WHAT YOU SHOULD DO:
Please write out every line of the material, leaving out any picture.

DATA FOR REVIEW:
^^^^

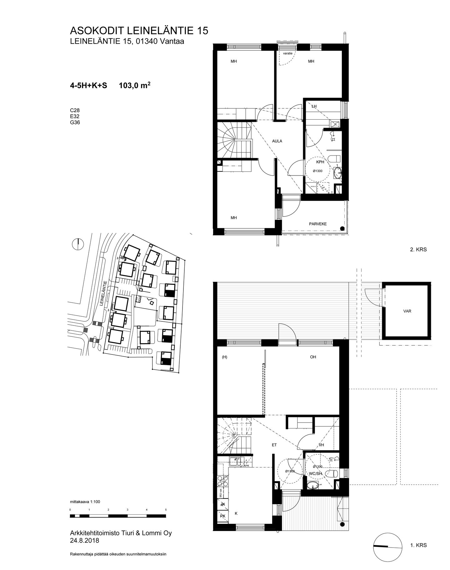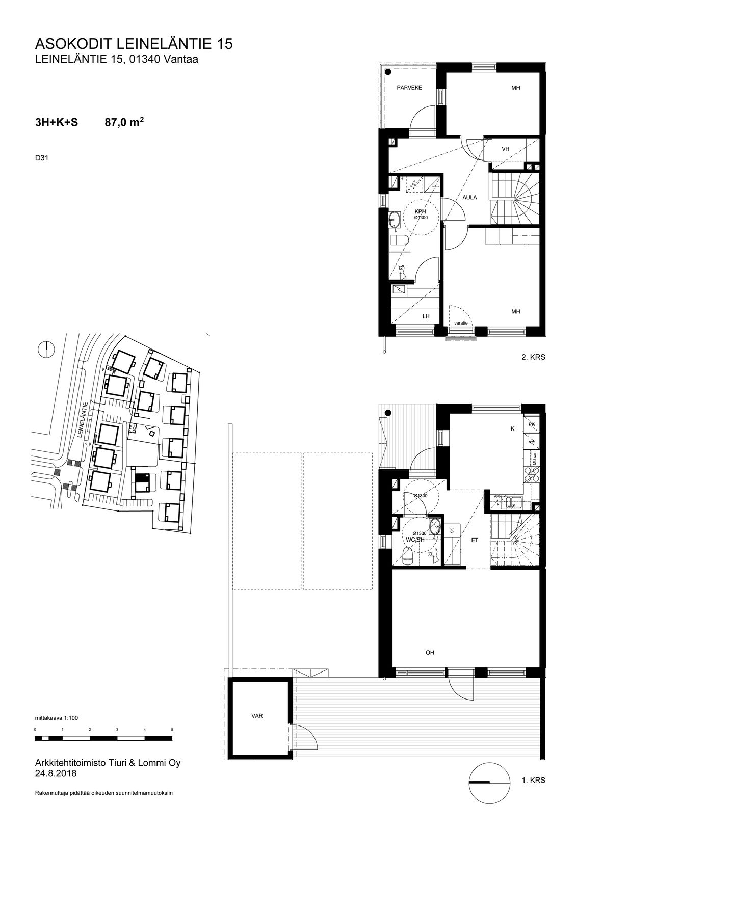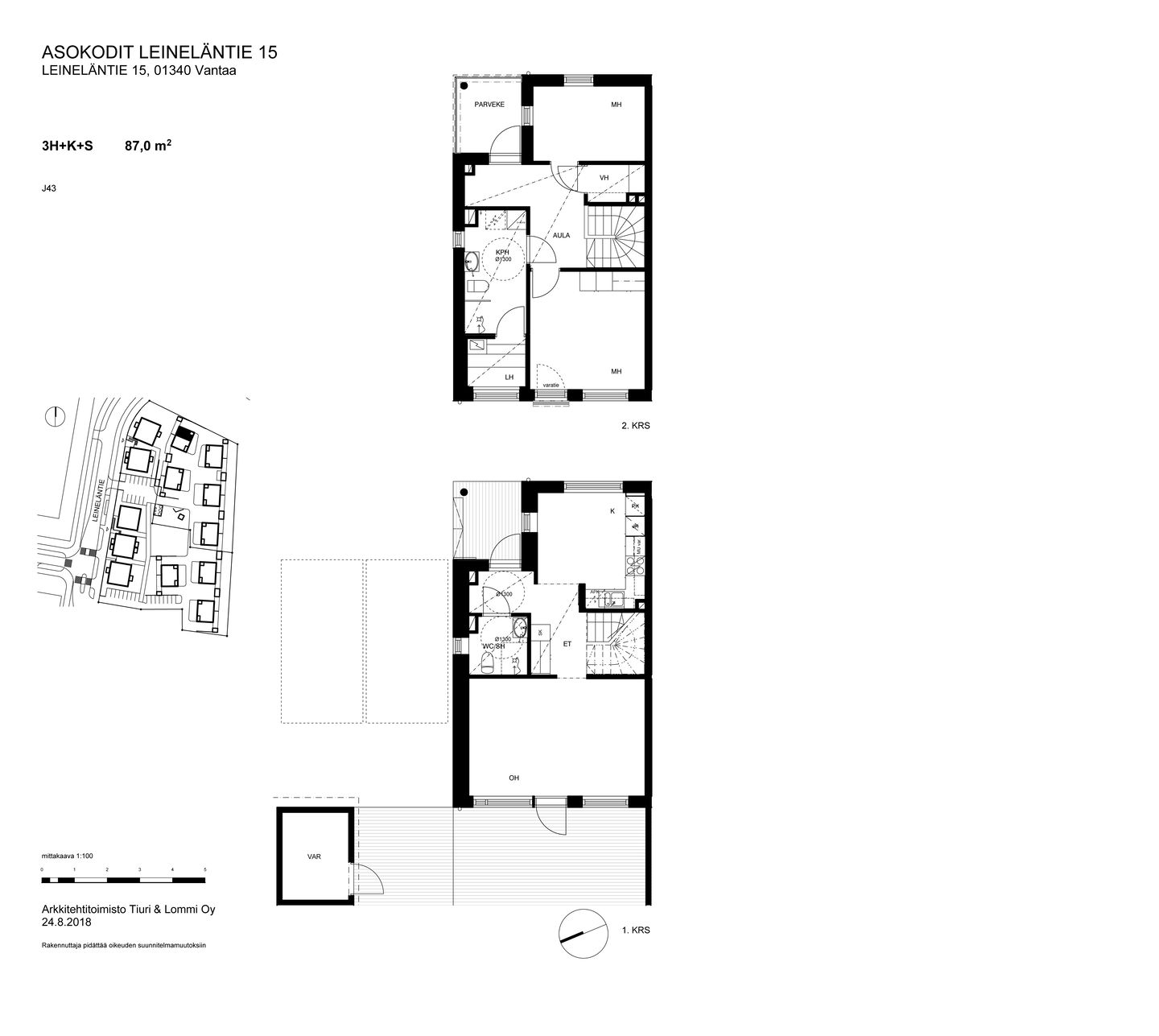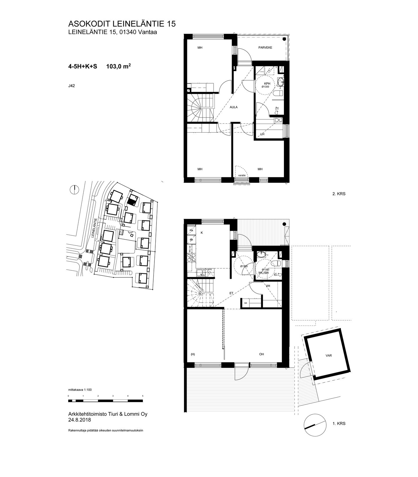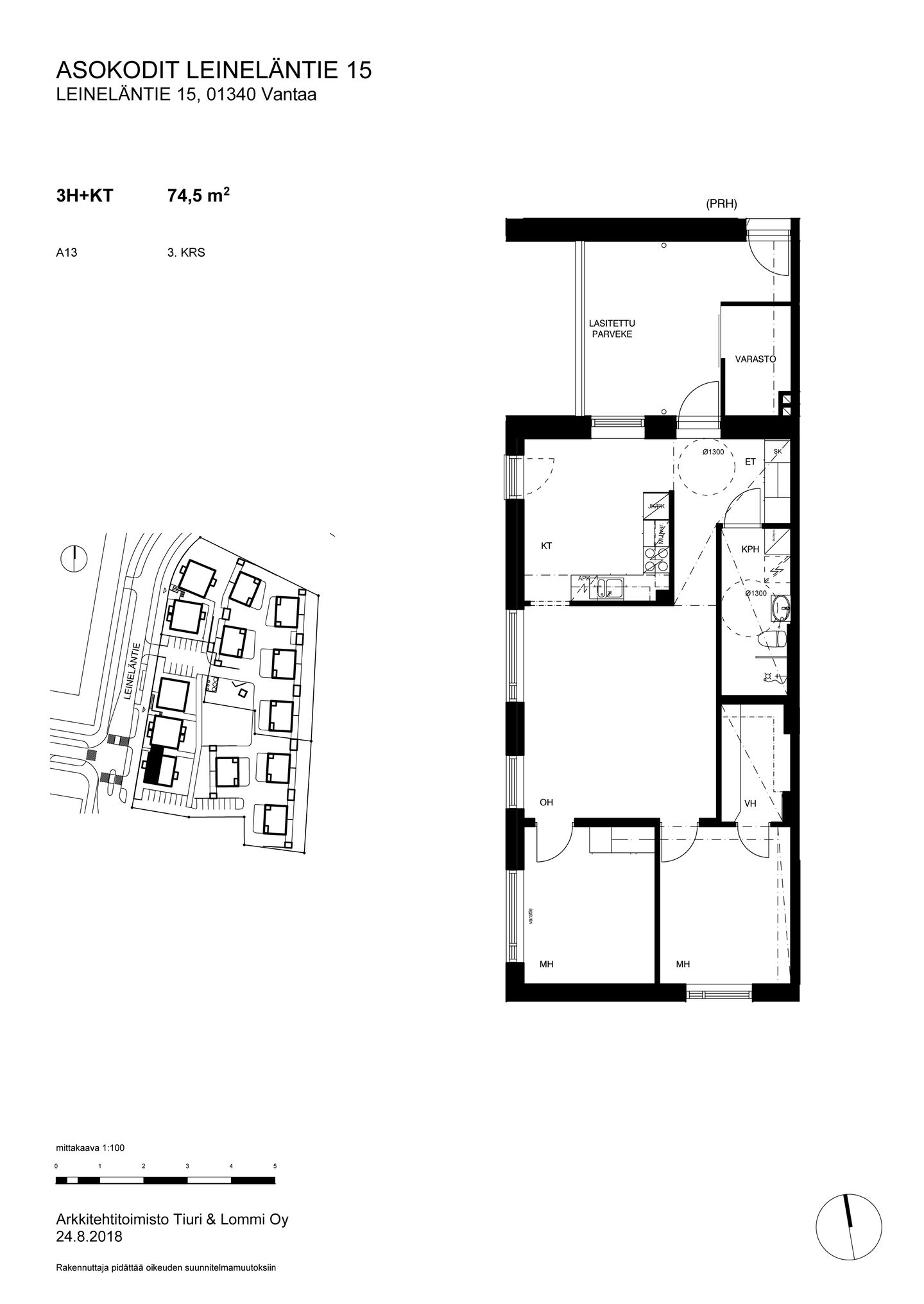 Huoneistot ja pohjakuvat: Leineläntie 15, Paritalo, Kerrostalo
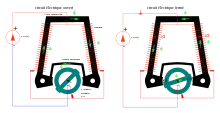 La variante à bobine fixe est commercialisée en 1958 par Lip, avec le calibre R27. L'une des premières montres équipées de ce mouvement est offerte au général de Gaulle[10]. Le schéma à la droite présente les deux étapes du fonctionnement du balancier du mouvement R27. Dans le dessin de gauche, le circuit électrique est ouvert, et le balancier suit son mouvement, entraîné par le ressort spiral (non représenté). Dans le dessin de droite, pour une certaine position du balancier, la plaquette solidaire du balancier a déformé le fil de contact, fermant le circuit. Les deux bobines agissent alors comme des électroaimants. L'ensemble formé par le cœur magnétique et le balancier forment alors un circuit magnétique, et un couple est exercé sur le balancier, car il tend à se placer horizontalement pour maximiser le flux magnétique. Une diode permet d'éviter une décharge électrique trop violente lorsque le circuit se rouvre, l'inductance créant alors une surtension[11].
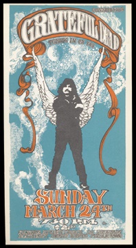 Eerily prophetic, this concert handbill depicts Grateful Dead member Pigpen as an angel with wings years before his premature death from alcohol abuse. It was made to advertise a March 24th concert in Grand Rapids, Michigan that was later cancelled. Exceedingly rare! NRMT.
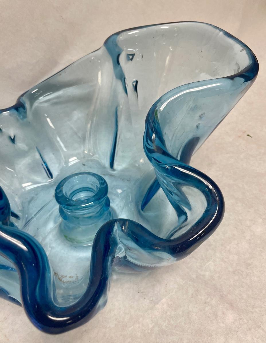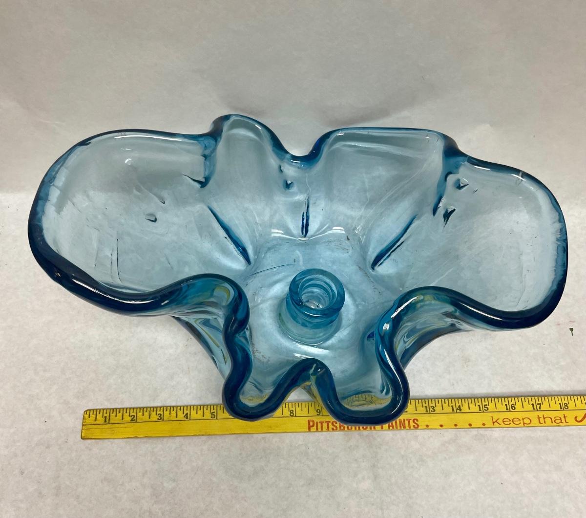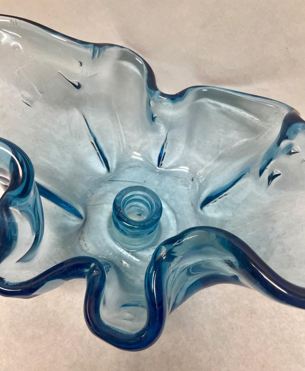Made from a 5-gallon glass water bottle. Blue colored glass with abstract scalloped edges. Very heavy. Approx. 18" across the widest part.
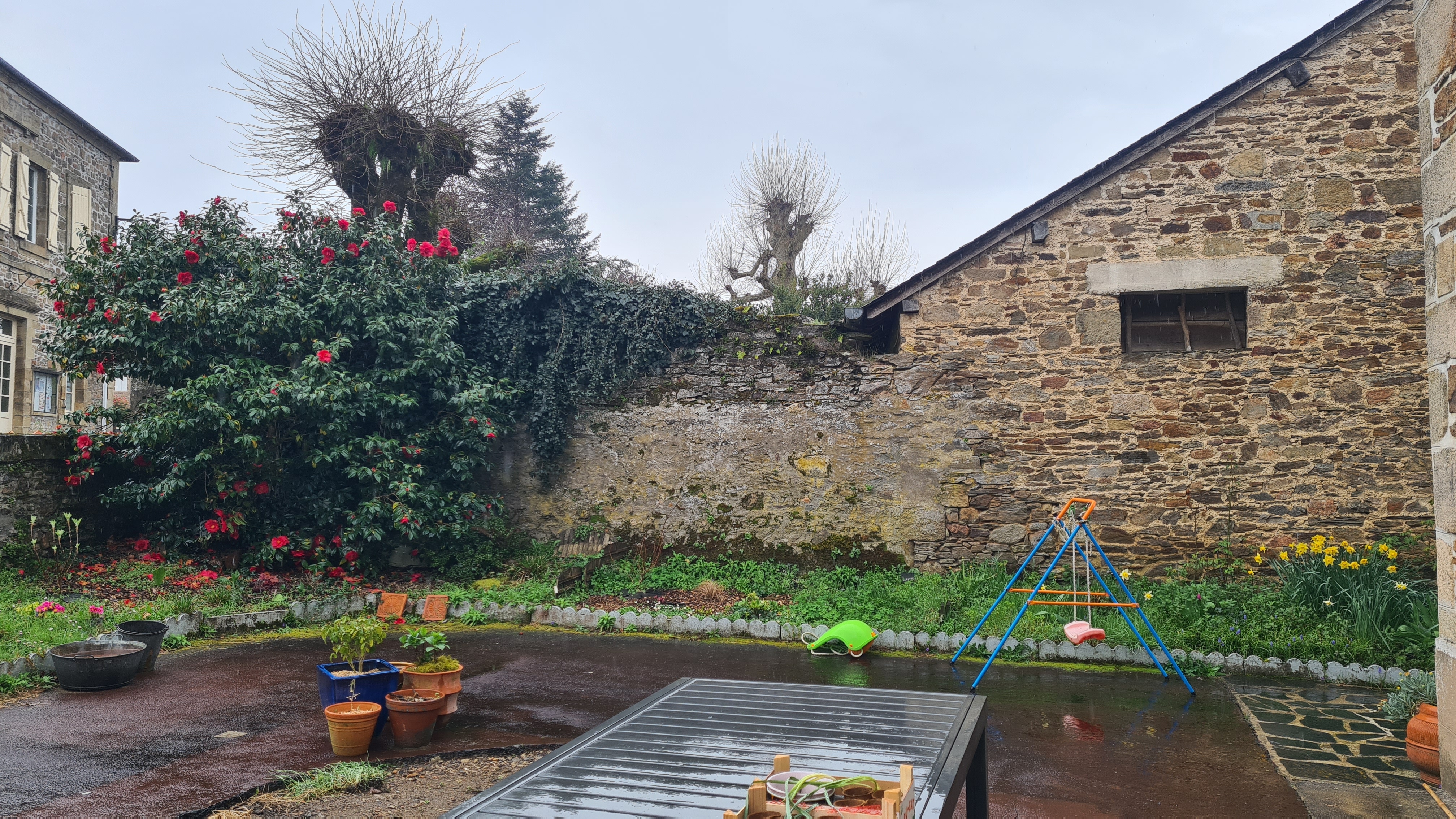 - Là ce n’est pas flagrant parce que le temps n’était pas au rendez-vous mais l’orientation est sud-ouest donc cette partie du jardin est très bien exposée.
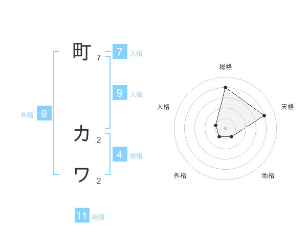 町 カワさんの総格は11画の4点!
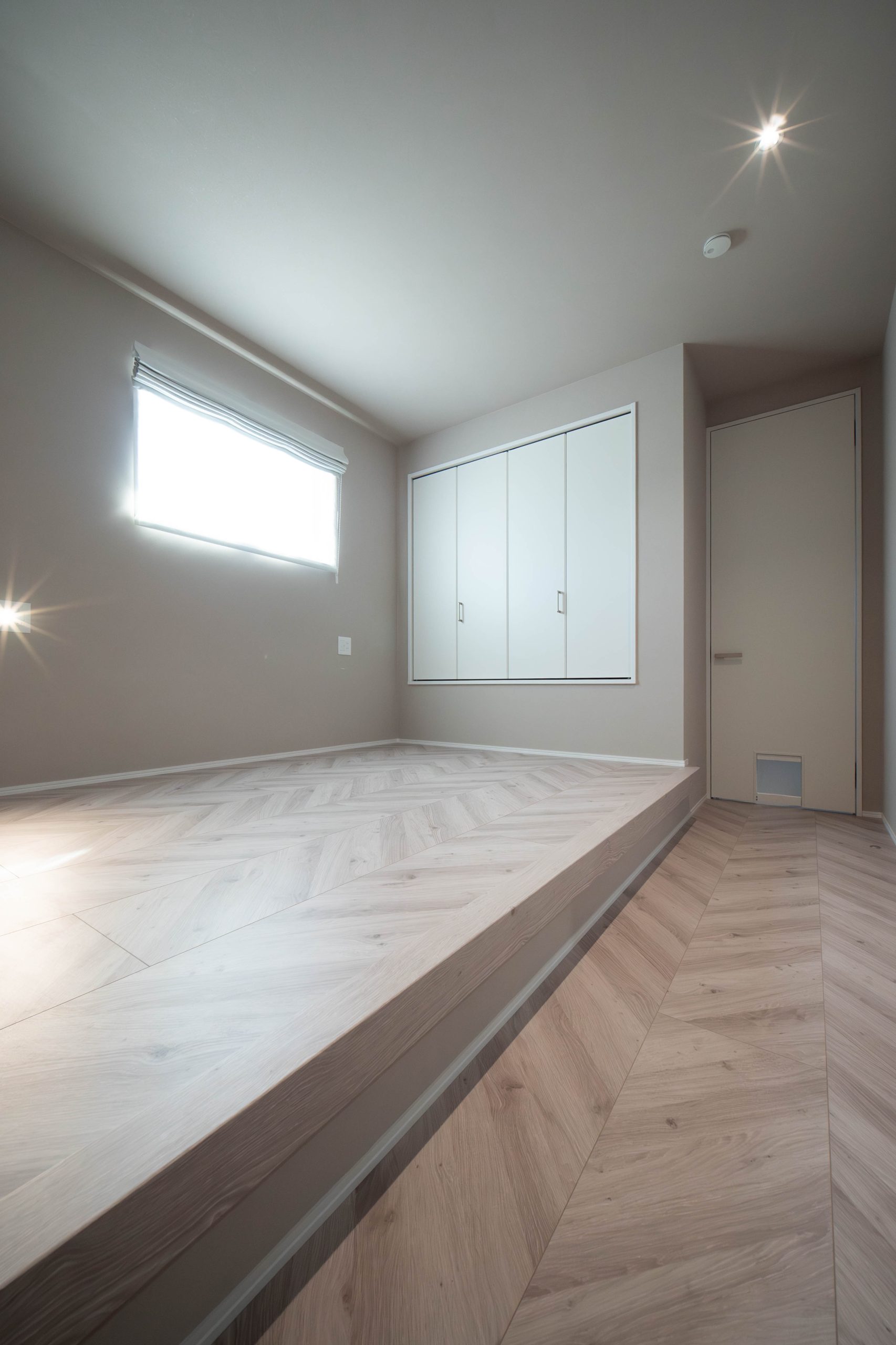 ベッドフレームを置かなくてもいいように、小上がりとした寝室。入口ドアはペットドアを採用。ドアを閉めたままでも猫ちゃん達は自由に行ったり来たりできます。

^^^^

REPLY:
 Huoneistot ja pohjakuvat: Leineläntie 15, Paritalo, Kerrostalo
 La variante à bobine fixe est commercialisée en 1958 par Lip, avec le calibre R27. L'une des premières montres équipées de ce mouvement est offerte au général de Gaulle[10]. Le schéma à la droite présente les deux étapes du fonctionnement du balancier du mouvement R27. Dans le dessin de gauche, le circuit électrique est ouvert, et le balancier suit son mouvement, entraîné par le ressort spiral (non représenté). Dans le dessin de droite, pour une certaine position du balancier, la plaquette solidaire du balancier a déformé le fil de contact, fermant le circuit. Les deux bobines agissent alors comme des électroaimants. L'ensemble formé par le cœur magnétique et le balancier forment alors un circuit magnétique, et un couple est exercé sur le balancier, car il tend à se placer horizontalement pour maximiser le flux magnétique. Une diode permet d'éviter une décharge électrique trop violente lorsque le circuit se rouvre, l'inductance créant alors une surtension[11].
 Eerily prophetic, this concert handbill depicts Grateful Dead member Pigpen as an angel with wings years before his premature death from alcohol abuse. It was made to advertise a March 24th concert in Grand Rapids, Michigan that was later cancelled. Exceedingly rare! NRMT.
Made from a 5-gallon glass water bottle. Blue colored glass with abstract scalloped edges. Very heavy. Approx. 18" across the widest part.
 - Là ce n’est pas flagrant parce que le temps n’était pas au rendez-vous mais l’orientation est sud-ouest donc cette partie du jardin est très bien exposée.
 町 カワさんの総格は11画の4点!
 ベッドフレームを置かなくてもいいように、小上がりとした寝室。入口ドアはペットドアを採用。ドアを閉めたままでも猫ちゃん達は自由に行ったり来たりできます。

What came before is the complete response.